Подошла родительская суббота, и, как Анне ни хотелось сходить на кладбище, терять день она не решилась. Попросила Павла, и тот от нечего делать согласился. С детства еще помнились ему тихие, благостные дни родительских суббот, когда все село тянулось на кладбище посидеть над родными могилками. Анна напекла ему оладий, сварила несколько яиц. Завязала все в узелок — раздать на кладбище богомолкам за помин души.
Народу на кладбище оказалось мало, куда меньше, чем в те годы, и Павел удивился — то ли веры в людях стало меньше, то ли за делами некогда. Он с трудом нашел могилы отца и матери: стояли они когда-то на отшибе, в молодом зеленом березняке, а теперь столько понаселилось вокруг! Но могилы выглядели аккуратно — Анна за делами не забывала и о стариках. Павел с горечью подумал, что вот, старое умирает, а молодое растет, и все почему-то видел перед собой востроглазую девчонку Пелагеи.
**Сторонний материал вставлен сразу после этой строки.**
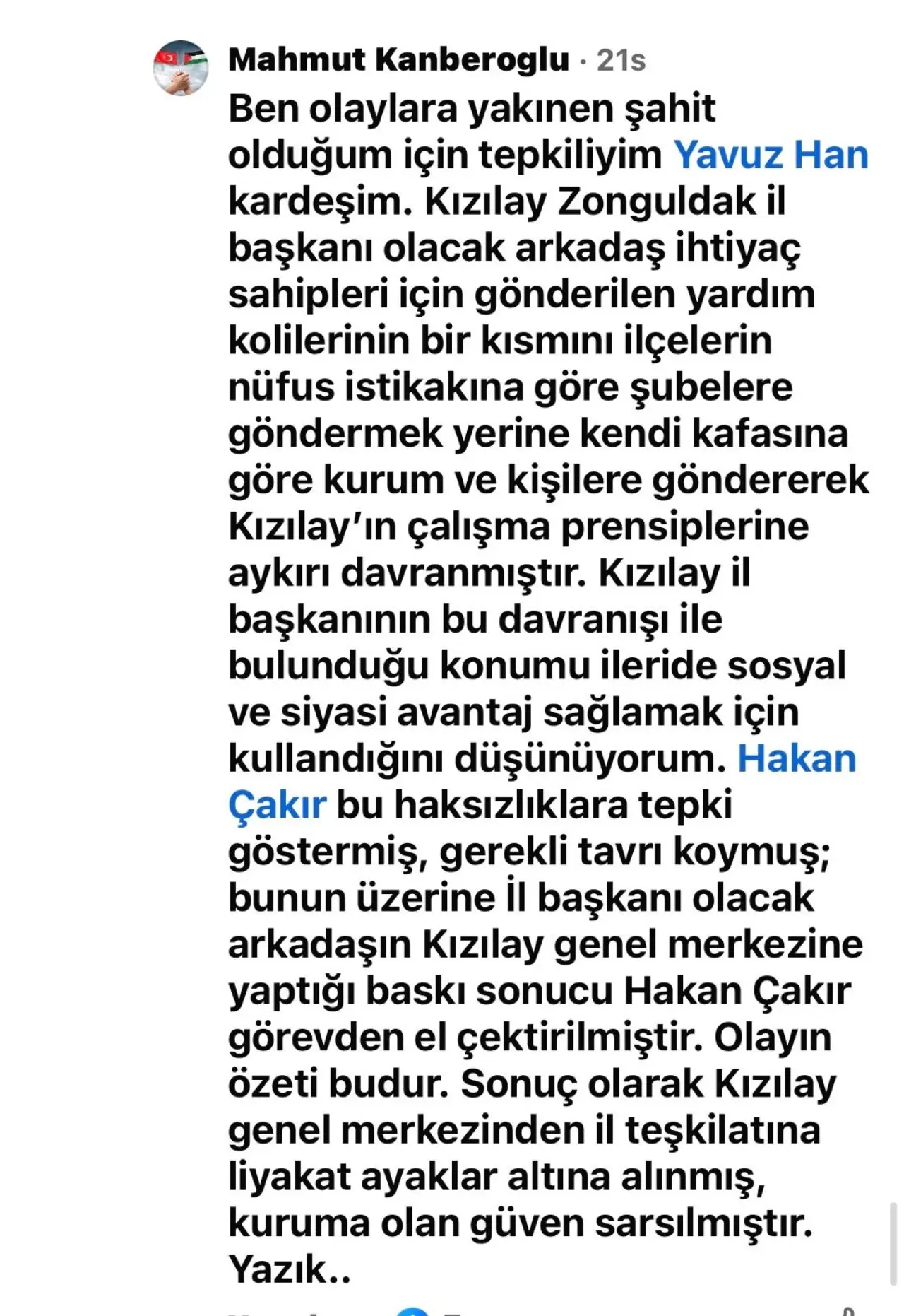 Öte yandan Hakan Çakır’ın görevden alınmasına tepki gösteren vatandaşlardan biri olan Mahmut Kanberoğlu, sosyal medya üzerinden yaptığı açıklamada Zonguldak Kızılay İl Başkanı Kürşat Yağız hakkında dikkat çeken iddialarda bulundu.

Сколько сидел Павел — он не знал. Поднималось и припекало солнце, откуда-то издалека, из-за реденьких, еще не оперившихся березок, доносился тихий, упокойный благовест. Над маленьким старым кладбищем, над могилами и головами живых, над крестами и березками раскинулось бездонной синевы вечное небо. Все дышало здесь земным нетронутым покоем. Павел подождал, не подойдет ли кто, кому, как наказывала сестра, можно отдать узелок и попросить помянуть рабов божиих Данилу и Меланью, но богомолки, как на грех, обходили этот далекий, глухой угол кладбища. Или их действительно меньше стало?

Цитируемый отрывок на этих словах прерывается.